Anthony D. Romero is the Executive Director of the American Civil Liberties Union, the nation's premier defender of liberty and individual freedom. He took the helm of the organization just four days before the September 11, 2001 attacks. Shortly afterward, the ACLU launched its national Safe and Free campaign to protect basic freedoms during a time of crisis. Under Romero's leadership, the ACLU gained court victories on the Patriot Act, filed landmark litigation on the torture and abuse of detainees in U.S. custody, and filed the first successful legal challenge to the Bush administration's illegal NSA spying program.
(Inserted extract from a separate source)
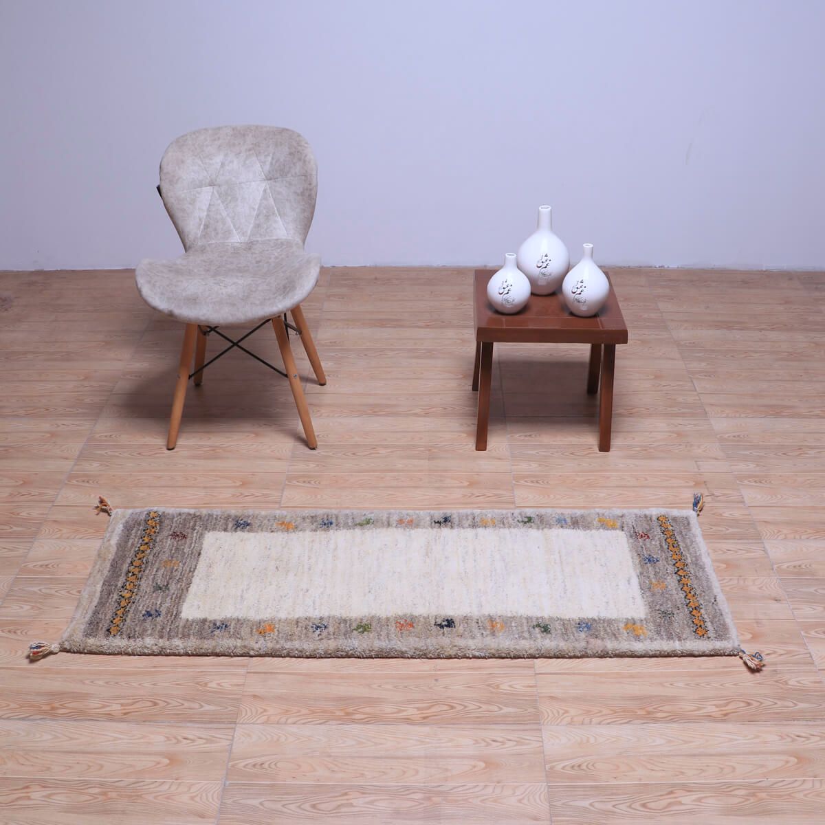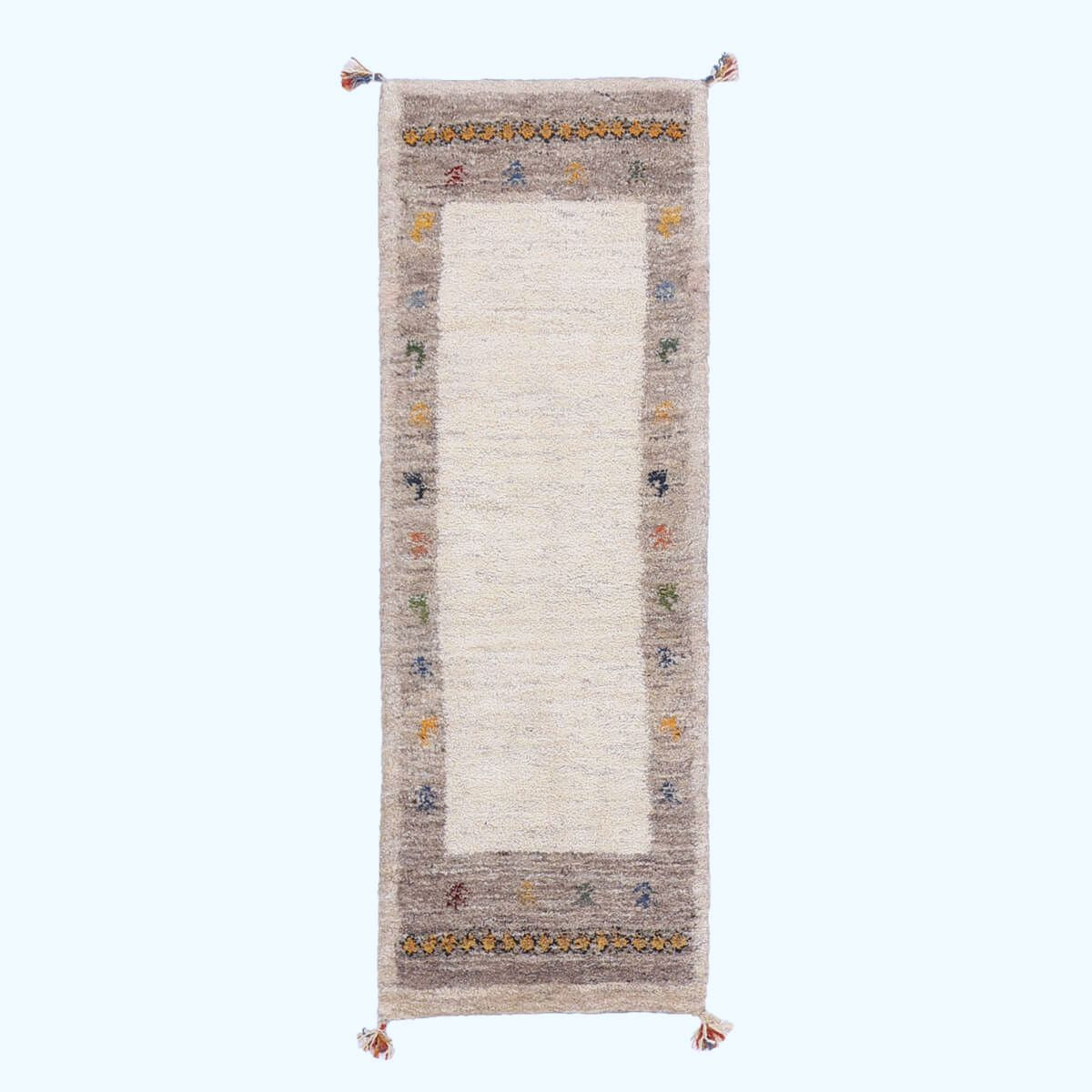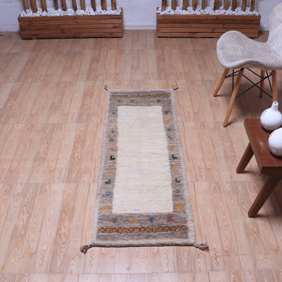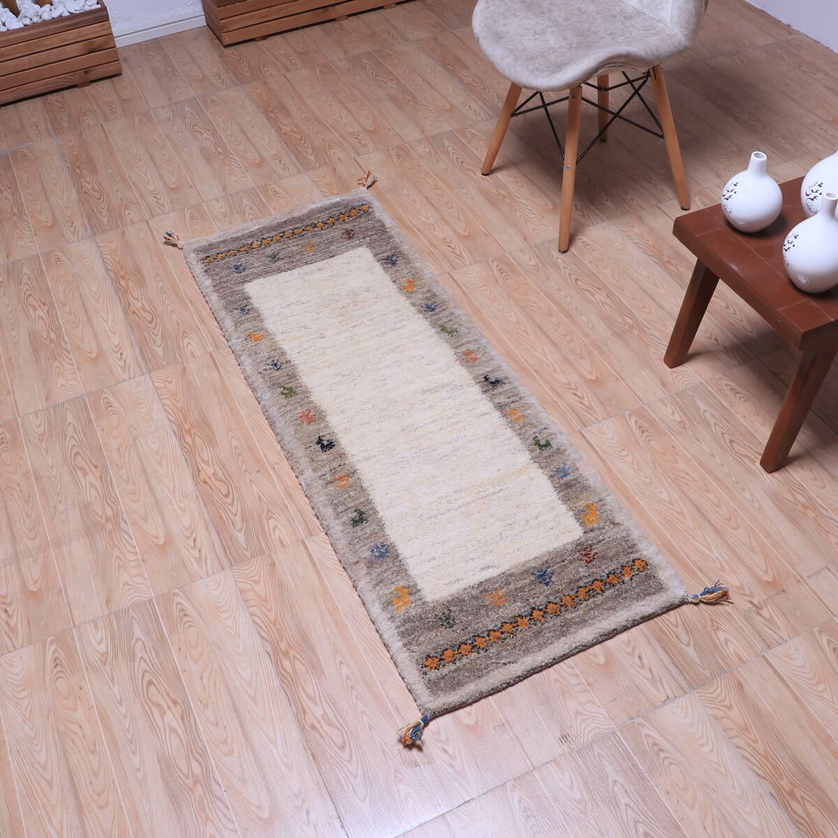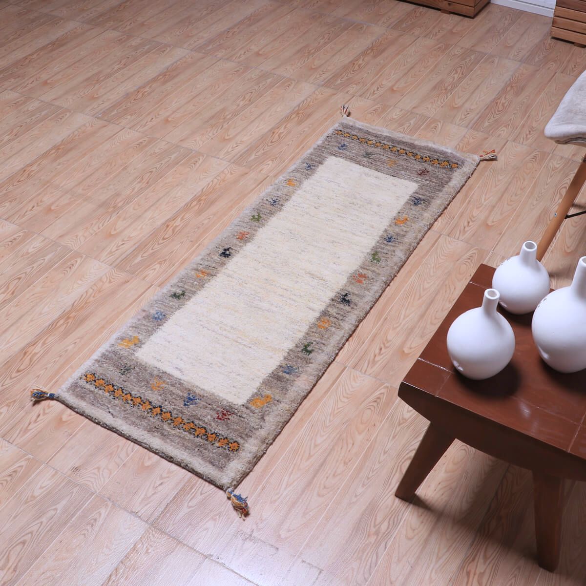 ・短辺には伝統的な連続文様が入り、ギャッベらしい素朴さと個性が楽しめます

Romero, an attorney with a history of public interest activism, has presided over the most successful membership growth in the ACLU's history and more than doubled national staff and tripled the budget of the organization since he began his tenure.  He is the ACLU's sixth executive director, and the first Latino and openly gay man to serve in that capacity. Born in New York City to parents who hailed from Puerto Rico, Romero was the first in his family to graduate from high school. He is a graduate of Stanford University Law School and Princeton University's Woodrow Wilson School of Public Policy and International Affairs. He is a member of the New York Bar Association and has sat on numerous nonprofit boards.

Leadership Statement:

The ACLU stands up for ordinary people, especially the vulnerable. Our reach is unique. We are in every corner of the country, seeking to protect basic rights: fighting on behalf of protesters denied permits to march and immigrants unfairly detained; supporting same sex couples who want to marry or adopt children and the abused woman whose pleas for help are ignored by the police; defending the rights of the prisoner whose repeated rape is ignored by guards and the women who need access to an abortion. Always, we seek to expose the truth of people's real-life experiences, the hidden horrors experienced by those with little or no access to power. That’s why when people’s rights have been violated, the standard response is, "call the ACLU."



Officers for Fiscal Year (IRS Form 990)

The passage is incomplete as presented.